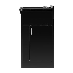 The side door provides easy access to the installation and allows storage of the most necessary products in a discreet way. The rear hole for the water connection allows for convenient and aesthetic connection of the station, while at the same time making it possible to hide the pipes and drain, which promotes maintaining order and a professional appearance of the station. The compact form of the furniture makes it ideal for both large salons and smaller spaces.
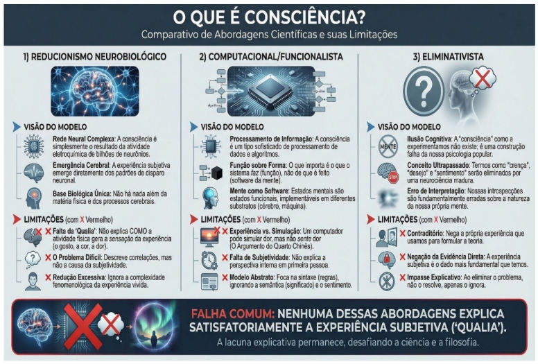 3. Abordagens eliminativistas, que chegam a questionar a própria existência da consciência como entidade distinta, tratando-a como uma ilusão cognitiva.
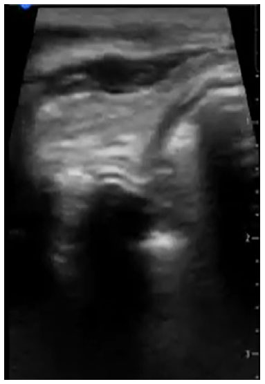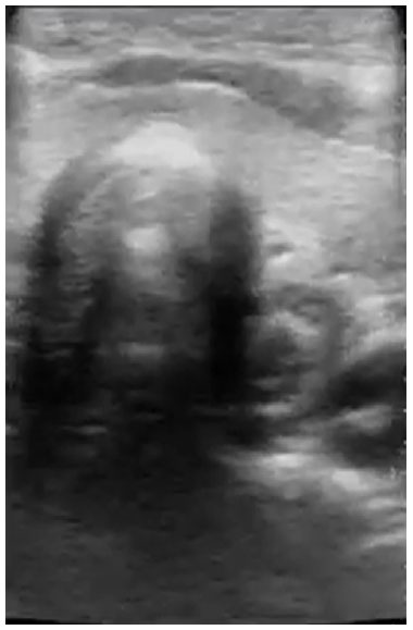 Paciente, 58 anos, da entrada no departamento de emergência com insuficiência respiratória aguda, há 3 dias. À admissão hospitalar paciente encontra-se normotenso, taquicardico com frequencia cardíaca de 108 bpm e uma saturação em máscara de reservatório de 91%, fazendo uso de musculatura acessória. Realizada intubação orotraqueal por sequência rápida de intubação, por meio de laringoscopia direta, tubo nº8.0, sem intercorrências. Checado posicionamento do tubo por meio da ausculta pulmonar, com dúvida quanto a presença de murmúrios ventriculares bilaterais. Logo após a intubação, evoluiu com dessaturação com rápido decréscimo. Decidido avaliar o posicionamento do tubo por meio do ultrassom beira leito com transdutor linear, com achado do dispositivo no interior do esôfago. Logo que identificado, foi retirado o tubo esofágico, reoxigenado com bolsa válvula máscara e posteriormente reintubado com checagem simultânea por meio do ultrassom na região anterior do pescoço, com procedimento realizado com sucesso e tudo localizado no interior da traqueia.
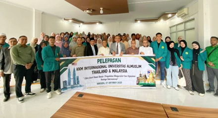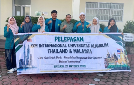Rektor Universitas Almuslim (Umuslim) Bireuen, melepas sejumlah mahasiswa kampus tersebut yang terpilih melaksanakan Kuliah Kerja Mahasiswa (KKM) Tematik Internasional di Malaysia dan Thailand tahun 2025.
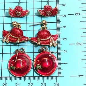 VTG Red Hat Society Jewelry Lot Liz Claiborne Enamel Hat Brooch 3 Sets Earrings
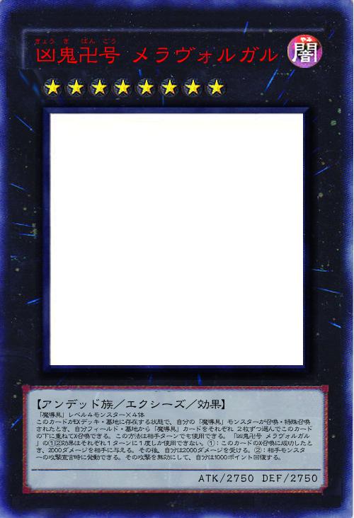| 「魔導具」レベル4モンスター×4体 このカードがEXデッキ・墓地に存在する状態で、自分の「魔導具」モンスターが召喚・特殊召喚されたとき、自分フィールド・墓地から「魔導具」カードをそれぞれ 2枚ずつ選んでこのカードの下に重ねてX召喚できる。この方法は相手ターンでも使用できる。「凶鬼卍号 メラヴォルガル」の①②効果はそれぞれ1ターンに1度しか使用できない。①:このカードのX召喚に成功したとき、2000ダメージを相手に与える。その後、自分は2000ダメージを受ける。②:相手モンスターの攻撃宣言時に発動できる。その攻撃を無効にして、自分は1000ポイント回復する。 | |||
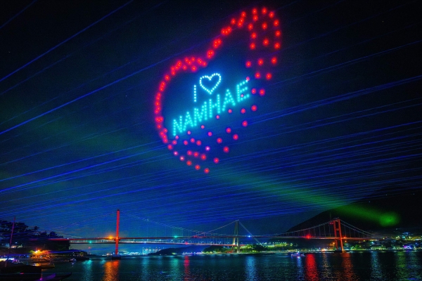 300대의 드론이 남해의 봄과 사람, 고향의 정서를 형상화하며 밤하늘을 아름답게 수놓았고 2728개의 남해대교 경관조명과 조화를 이루며 황홀한 빛의 무대를 선사했다.
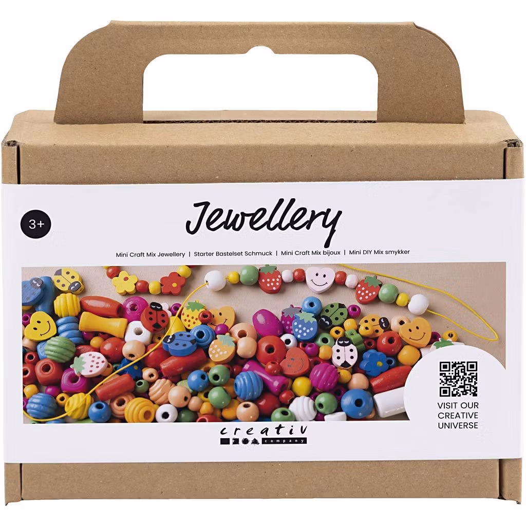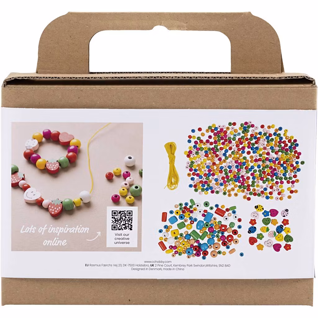 Vill barnen göra egna pärlsmycken i fina färger passar det här lilla pysselsetet perfekt. Det innehåller allt du behöver för att komma igång. Träpärlorna finns i olika storlekar, former och färger – och barnen kan kombinera dem fritt för ett resultat som tilltalar dem. Tips: Använd en trubbig stoppnål för den medföljande gummiresåren så kan du enkelt trä den genom pärlorna.

============================================================

**Exercise prompt:** Every line from the one containing "VTG Red Hat" to the last line of the material must be returned exactly. Leave out any pictures.

**Output of the task:**
 VTG Red Hat Society Jewelry Lot Liz Claiborne Enamel Hat Brooch 3 Sets Earrings
| 「魔導具」レベル4モンスター×4体 このカードがEXデッキ・墓地に存在する状態で、自分の「魔導具」モンスターが召喚・特殊召喚されたとき、自分フィールド・墓地から「魔導具」カードをそれぞれ 2枚ずつ選んでこのカードの下に重ねてX召喚できる。この方法は相手ターンでも使用できる。「凶鬼卍号 メラヴォルガル」の①②効果はそれぞれ1ターンに1度しか使用できない。①:このカードのX召喚に成功したとき、2000ダメージを相手に与える。その後、自分は2000ダメージを受ける。②:相手モンスターの攻撃宣言時に発動できる。その攻撃を無効にして、自分は1000ポイント回復する。 | |||
 300대의 드론이 남해의 봄과 사람, 고향의 정서를 형상화하며 밤하늘을 아름답게 수놓았고 2728개의 남해대교 경관조명과 조화를 이루며 황홀한 빛의 무대를 선사했다.
 Vill barnen göra egna pärlsmycken i fina färger passar det här lilla pysselsetet perfekt. Det innehåller allt du behöver för att komma igång. Träpärlorna finns i olika storlekar, former och färger – och barnen kan kombinera dem fritt för ett resultat som tilltalar dem. Tips: Använd en trubbig stoppnål för den medföljande gummiresåren så kan du enkelt trä den genom pärlorna.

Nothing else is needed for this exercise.